Intraoperative challenges
Approach and dilatation: The preferable approach in preterm babies is superior corneal incision as with other pediatric cases. The superior wound is covered with the upper eyelid, and hence, is at a lesser risk of trauma and exposure, thereby, decreasing the risk of infection. Pupillary miosis and posterior synechiae can be present, especially in advanced ROP or APROP. The use of high-density visco-cohesive is preferred to maintain the AC and have minimum fluctuations in AC depth. The synechiae could be initially released to assess pupillary dilatation. In cases with non-dilating pupils, various maneuvers like mechanical stretching, sphincterotomy, and use of mechanical devices like iris hooks can be tried. The use of other mechanical devices like the Malyugin ring in such small eyes is not preferable due to the lesser space for maneuvering these devices.
Anterior continuous capsulorhexis (ACC) and lens aspiration: The anterior capsule can be stained using 0.06% trypan blue dye to visualize it. Trypan blue dye is known to have biochemical effects on the lens capsule, decreasing its elasticity.[45,46] The ACC can be started with the capsulotomy 26-Gauge needle and further performed using capsulorhexis forceps. The forceps allow for controlled maneuvering of the elastic capsule.[47] But before starting, the AC should be formed with a high-density visco-cohesive substance to avoid AC depth fluctuation and flatten the anterior capsule. The appropriate size of the ACC is approximately 4.5–5 mm.[48] The use of a Callisto-guided marking system can help in this aspect. Multiple quadrant hydrodissection can be performed in cases where the posterior capsular defect is not suspected. This facilitates easy cortex removal with lesser fluid volume needed.[48,49] The lens aspiration can be performed using the bimanual technique which allows complete removal of the lens matter without undue stress on the bag. Any residual lens matter could lead to excess inflammation in these pediatric cases, and hence, should be avoided.

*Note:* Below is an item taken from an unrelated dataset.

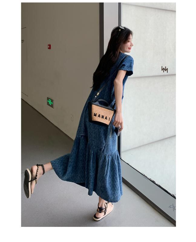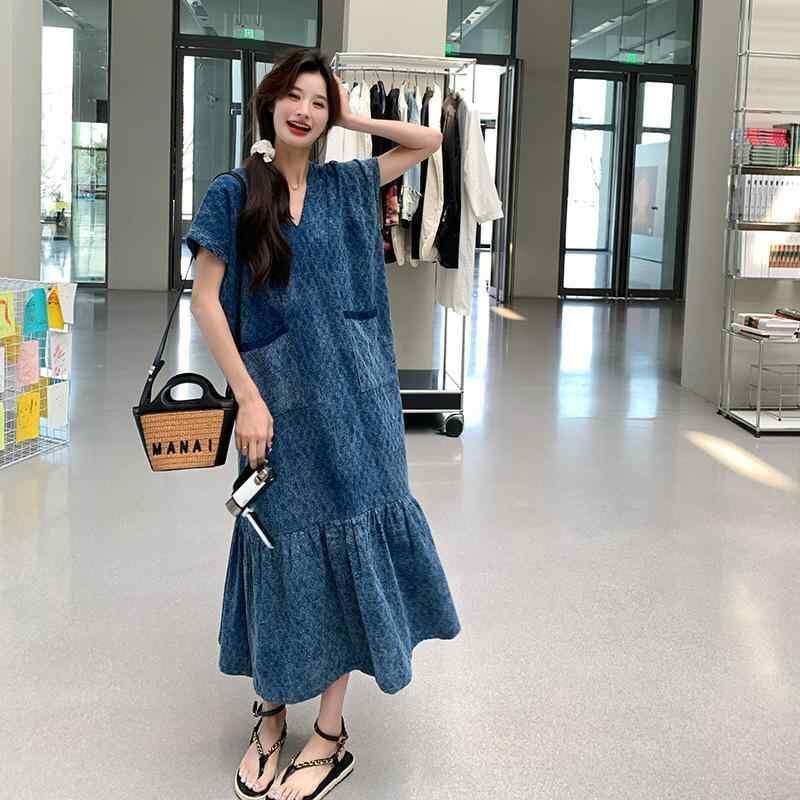 ワンピース レディース ブルー デニム 夏 Vネック 半袖 レトロ ヴィンテージデザイン ゆったり マーメイド ロング丈 通勤 オフィス きれいめ

Posterior continuous capsulorhexis (PCC), vitrectomy, and fundus examination: PCC can be made after partially filling the posterior chamber with high-density visco-cohesive. Complete fill should be avoided as this may lead to an increase bowing of the posterior capsule causing increasing angulation of the instrument leading to difficult maneuvering. Also, there is an increase in pressure on the posterior capsule, especially at the posterior-most point, creating a high risk of irregular extension. The PCC is performed with capsulorhexis forceps after initiation with a capsulotomy needle and should ideally be 3.5–4 mm approximately[48,50,51] [Fig. 3a]. PCC can also be performed using vitrectomy but can have radial extension and IOL stability issues. It can also be performed after IOL placement with a vitrectomy probe using the pars plana approach. Anterior vitrectomy (AV) is then performed beyond the margin and 2 mm deeper from the posterior capsule.[51] However, caution must be exercised and overzealous AV should be avoided as these cases may have peripheral vitreoretinal traction. A complete AV and PCC reduce the chances of postoperative posterior capsular opacification (PCO) significantly.[51,52,53,54,55,56,57,58] The posterior segment can be visualized at this stage using the endo-illuminator and wide-angle retinal lens [Fig. 4].[59,60] The AC should be formed with viscoelastic before inserting the endo-illuminator. It allows us to assess the status of the optic disc, posterior pole, and the periphery. The zone of vascularization, presence of ROP, stage, and disease can be determined. This visualization helps in the further management of the ROP as postoperative fundus examination with speculum and indentation may not be possible in the initial 2 weeks considering the wound stability.
Figure 3.

Intraoperative anterior segment images showing anterior (a—white arrow) and posterior capsulorhexis (a—black arrow) and intraocular lens in the bag (b)
Figure 4.

Intraoperative fundus image of a case of a preterm baby with zone II retinopathy of prematurity showing dilated and tortuous vessels suggestive of plus disease (a and b). Peripheral fundus showed avascular retina (c—black arrow)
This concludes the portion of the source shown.